Category Archives: Tourism

Paraw Regatta

Paraw Regatta Festival or Iloilo Paraw Regatta Festival is an annual festival held in February in the Villa de Arevalo district, Iloilo City, Philippines. Its main event is a sailboat race in Iloilo Strait that features the Paraw, a Visayan double outrigger sail boat. It is the oldest traditional craft event in Asia and the largest sailing event in the Philippines. It is one of Iloilo City’s tourism events along with the Dinagyang Festival, Kasadyahan Festival, Chinese New Year festival and La Candelaria Fiesta. The Iloilo Paraw Regatta began as a half-day sailboat race but is now a multi-day, multi-event festival.
The Paraw race course is a 30 kilometres  long, running up the coast of Panay and then down the coast of Guimaras, before returning to the finish at Villa Beach. Participating paraws are categorized based on the waterline length of the boat and further classified according to their sails as “unpainted” or “painted”. The sails are painted with colorful designs.

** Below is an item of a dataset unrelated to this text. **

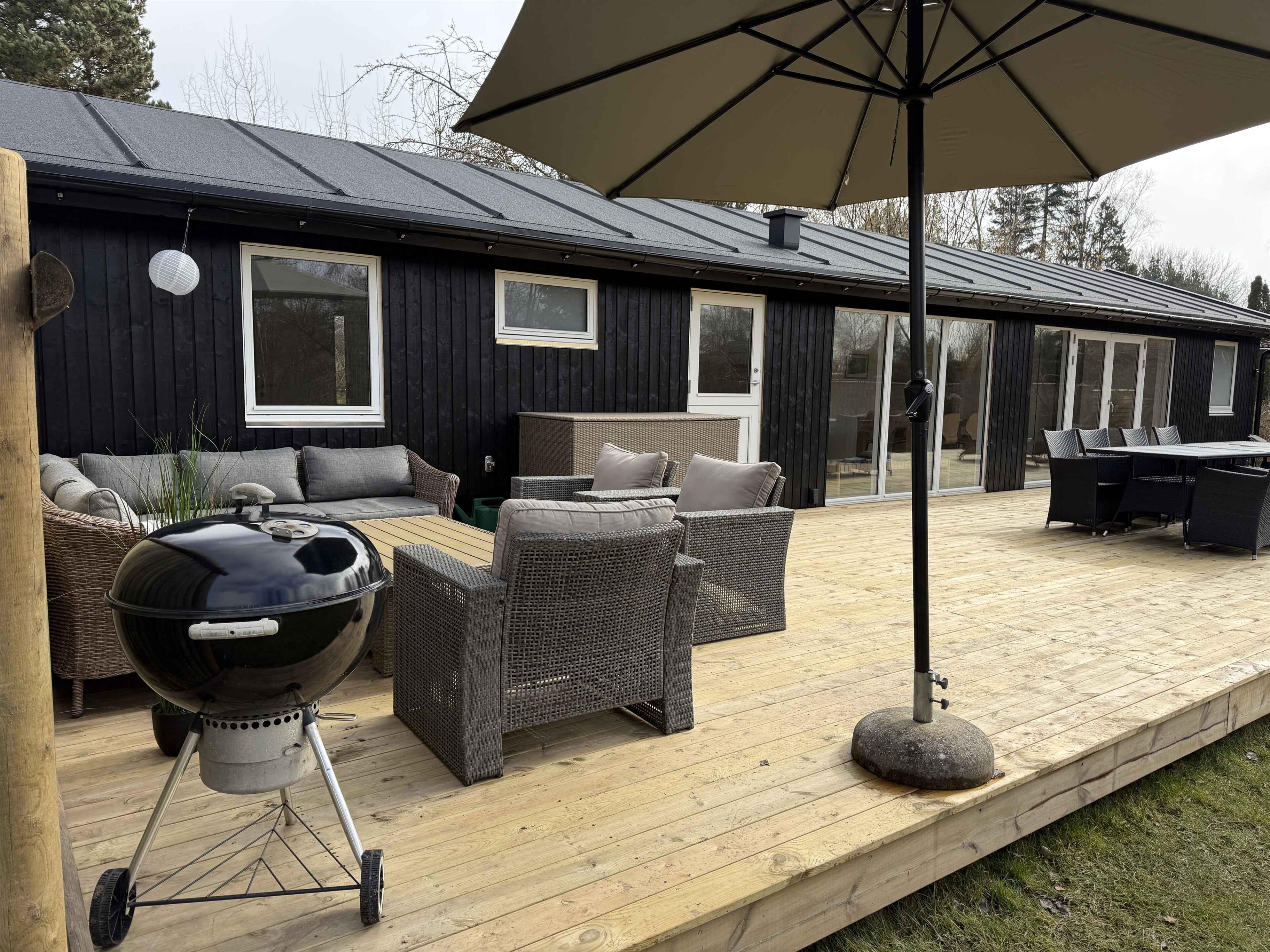 Schönes Ferienhaus mit 90 m², 4 Schlafzimmern und 8 Schlafplätzen. Großes Wohnküchenbereich, 2 Bäder sowie südwestlich ausgerichteter Garten und Terrasse mit Sonne den ganzen Tag. Trampolin und Feuerstelle. Nahe Strand und Wald.

The first race started in 1973 with the mission to preserve the historic value of the paraws. It is held every 3rd weekend of February at Tatoy’s Manokan, Sto. Nino Sur, Villa, Iloilo City. Today, the event has grown from being a boat race to a festival with various interesting activities.

The Ilonggos take great pride in the celebration of a long and illustrious history, and, as such, so do the sailors and master craftsmen that continue the preservation of the old ways since the creation of this province, and its Hiligaynon birthright.

Dinagyang Festival

Dinagyang began after Rev. Fr. Ambrosio Galindez, the first Filipino Rector of the Agustinian Community and Parish Priest of the San Jose Parish introduced the devotion to Santo Niño in November 1967 after observing the Ati-Atihan Festival in the province of Aklan. On 1968, a replica of the original image of the Santo Niño de Cebu was brought to Iloilo by Fr. Sulpicio Enderez of Cebu as a gift to the Parish of San Jose. The faithful, led by members of Confradia del Santo Niño de Cebu, Iloilo Chapter, worked to give the image a fitting reception starting at the Iloilo Airport and parading down the streets of Iloilo.

In the beginning, the observance of the feast was confined to the parish. The Confradia patterned the celebration on the Ati-atihan of Ibajay, Aklan, where natives dance in the streets, their bodies covered with soot and ashes, to simulate the Atis dancing to celebrate the sale of Panay. It was these tribal groups who were the prototype of the present festival.

In 1977, the Marcos government ordered the various regions of the Philippines to come up with festivals or celebrations that could boost tourism and development. The City of Iloilo readily identified the Iloilo Ati-atihan as its project. At the same time the local parish could no longer handle the growing challenges of the festival. 
Dinagyang was voted as the best Tourism Event for 2006, 2007 and 2008 by the Association of Tourism Officers in the Philippines. It is the not the only one festivals in the world to get the support of the United Nations for the promotion of the Millennium Development Goals, and cited by the Asian Development Bank as Best Practice on government, private sector & NGO cooperatives.